AIM OF THE TASK:
Repeat exactly the lines of the records below, starting at the line containing "Ook vandaag zijn" and ending at the line containing "الإعلامي أ. فؤاد الخرسا". Leave the pictures out.

DATA SUPPLIED:
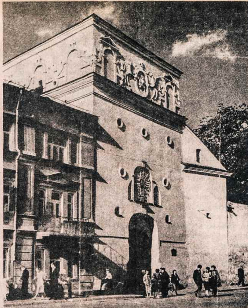
Aušros Vartai Vilniuje iš geležinkelio pusės.

Europos bendrosios rinkos valstybės nutarė nuo sausio 1 nutraukti Sov. S-gai nuo Lenkijos karo būklės įvedimo dienos taikytas ūkines sankcijas.
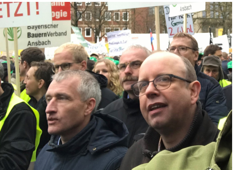
>>> ZENTRALE DEMONSTRATION DER LANDWIRTE IN MÜNSTER: Auch unsere Landwirte waren bei der Bauerndemo. Wir teilen die Sorgen um den Erhalt landwirtschaftlicher Betriebe in unserer Region und in ganz Deutschland.

Dinkelpost: Das hört sich sehr spannend an. Neben dem Jubiläum beschäftigen euch
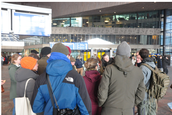
Ook vandaag zijn we met een groep van bijna dertig geïnteresseerden.

Na deze prikkelende aftrap zet de groep zich in beweging. We lopen richting het Oude Noorden, klaar om de stad met wéér andere ogen te bekijken.
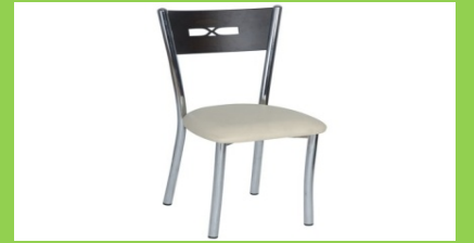
Kare Masa Sandalyesi
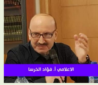
الإعلامي أ. فؤاد الخرسا
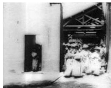
Framegrab fra La Sortie des ouvriers de l'usine Lumière à Lyon (Lumière, 1895).
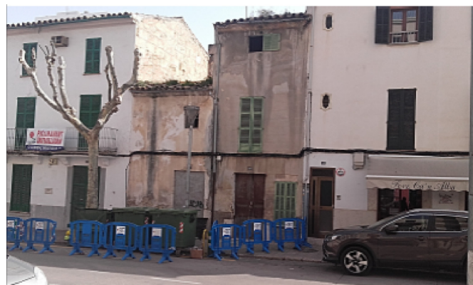
FACHADA AVDA. GRAL LUQUE

RESPONSE AREA:
Ook vandaag zijn we met een groep van bijna dertig geïnteresseerden.

Na deze prikkelende aftrap zet de groep zich in beweging. We lopen richting het Oude Noorden, klaar om de stad met wéér andere ogen te bekijken.
Kare Masa Sandalyesi
الإعلامي أ. فؤاد الخرسا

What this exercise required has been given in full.